§ Description of the task:
Restate the data below word for word. Leave the images out.

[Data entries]
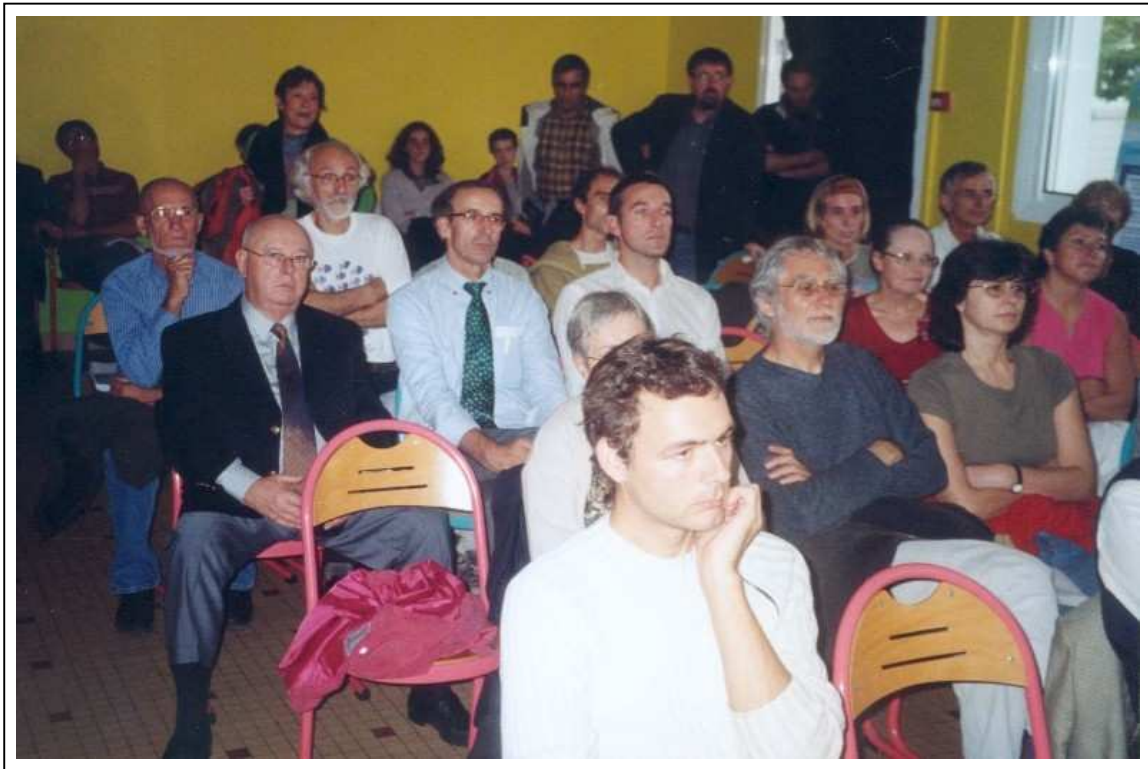
Un nombreux public
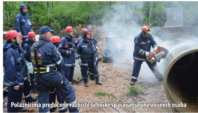
Polaznicima predložene različite tehnike spašavanja unesrećenih osoba
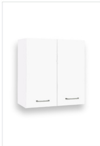
254 Pensile doppio L.68-H.71-P.22
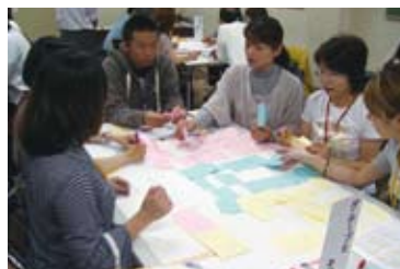
助成金申請及び活用方法の指導事業

助成金情報の収集方法がわからない、助成金申請方法がわからない等の団体に対し、個別指導を実施しています。
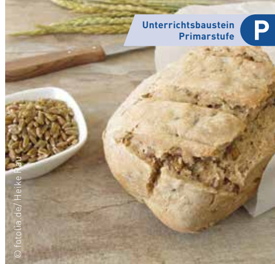
Grünkernbrot mit Körnern und Dinkelähre
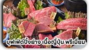
บุฟเฟ่ต์บิงย่าง เนื้อญี่ปุ่น พรีเมียม
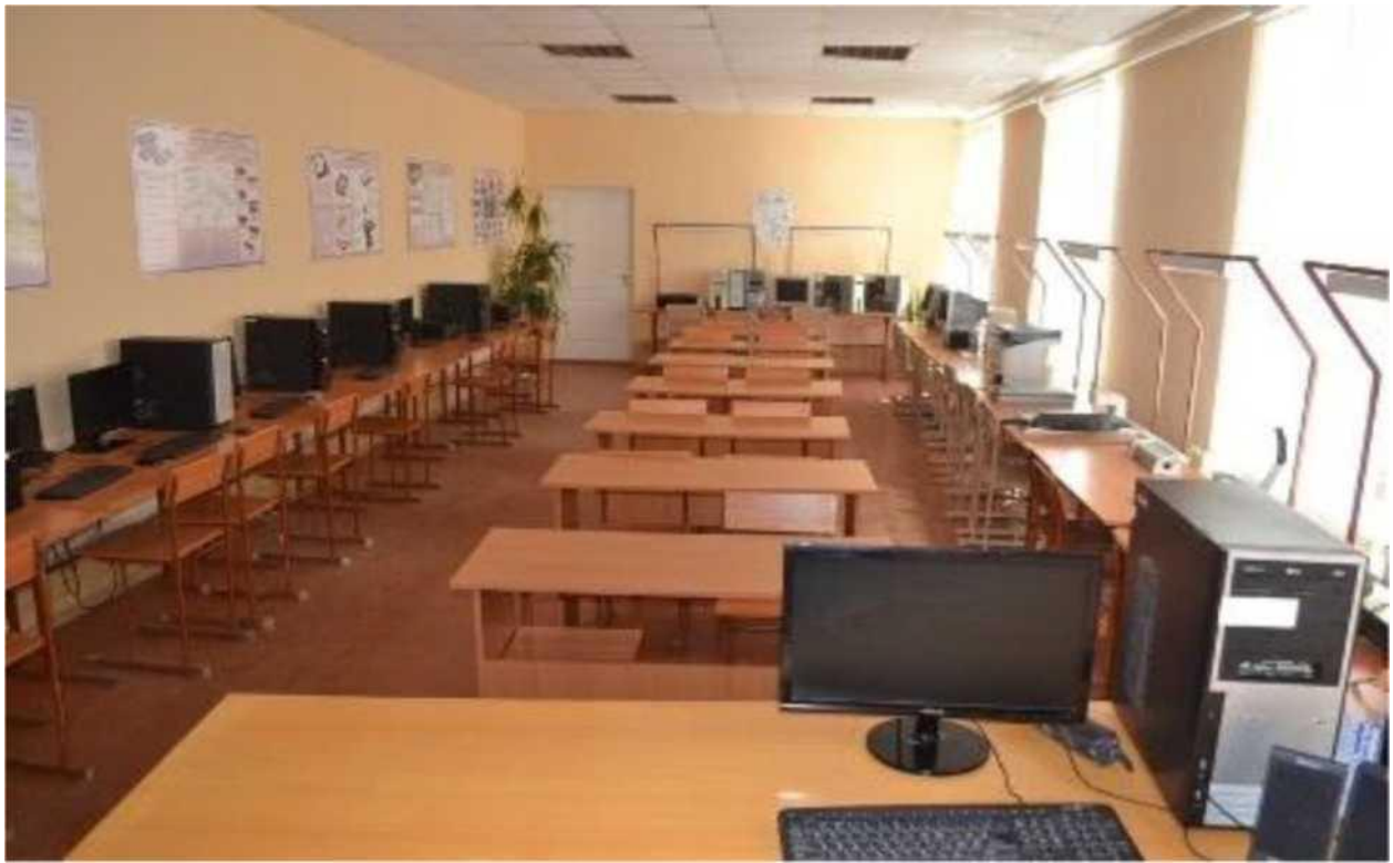
майстерня з ремонту та обслуговування лічильно -обчислювальних машин, лабораторія програмного забезпечення
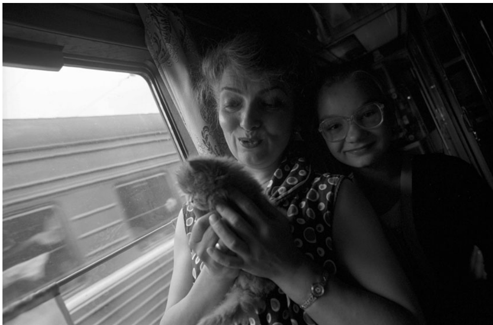
Les compartiments du transsibérien

Recevez ma Lettre Photo quotidienne avec des conseils pour faire de meilleures photos : www.nikonpassion.com/newsletter
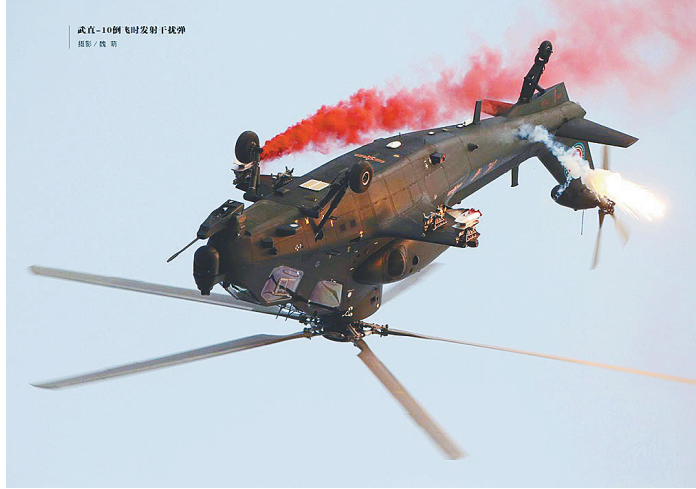
直-10武装直升机倒飞时发射干扰弹。
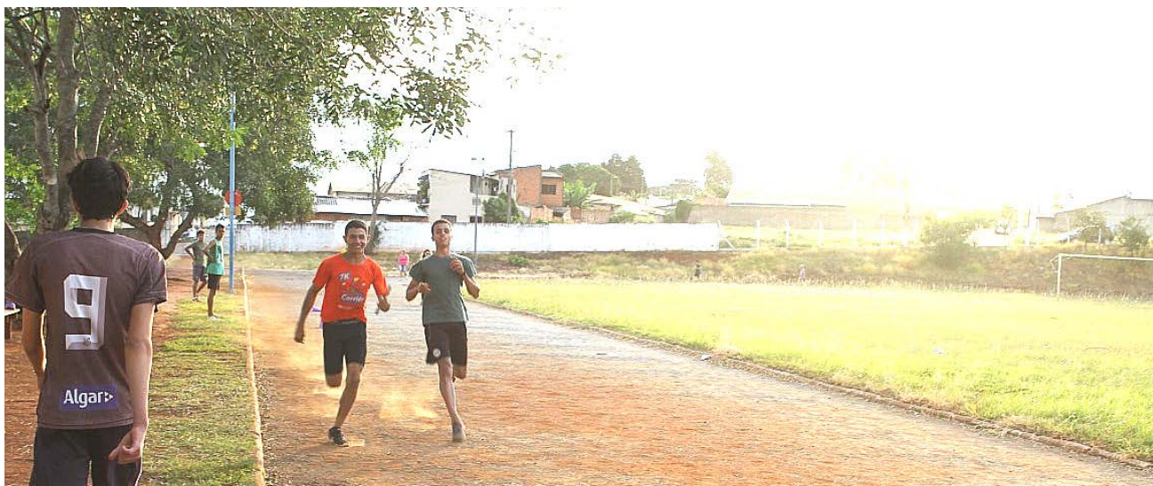
Atletas durante treinamento no ginásio Lauro Loureiro de Mello

Segundo a Coordenadoria Municipal de Esportes, os atletas possuem boa técnica e estão treinando a todo vapor. As expectativas são grandes. Itararé será representada em outro estado por excelentes atletas. Com esta oportunidade, além de valorizá-los, dá-se visibilidade ao município, o que se transforma em investimento ao esporte.

§ Answer for this exercise:
Un nombreux public
Polaznicima predložene različite tehnike spašavanja unesrećenih osoba
254 Pensile doppio L.68-H.71-P.22
助成金申請及び活用方法の指導事業

助成金情報の収集方法がわからない、助成金申請方法がわからない等の団体に対し、個別指導を実施しています。
Grünkernbrot mit Körnern und Dinkelähre
บุฟเฟ่ต์บิงย่าง เนื้อญี่ปุ่น พรีเมียม
майстерня з ремонту та обслуговування лічильно -обчислювальних машин, лабораторія програмного забезпечення
Les compartiments du transsibérien

Recevez ma Lettre Photo quotidienne avec des conseils pour faire de meilleures photos : www.nikonpassion.com/newsletter
直-10武装直升机倒飞时发射干扰弹。
Atletas durante treinamento no ginásio Lauro Loureiro de Mello

Segundo a Coordenadoria Municipal de Esportes, os atletas possuem boa técnica e estão treinando a todo vapor. As expectativas são grandes. Itararé será representada em outro estado por excelentes atletas. Com esta oportunidade, além de valorizá-los, dá-se visibilidade ao município, o que se transforma em investimento ao esporte.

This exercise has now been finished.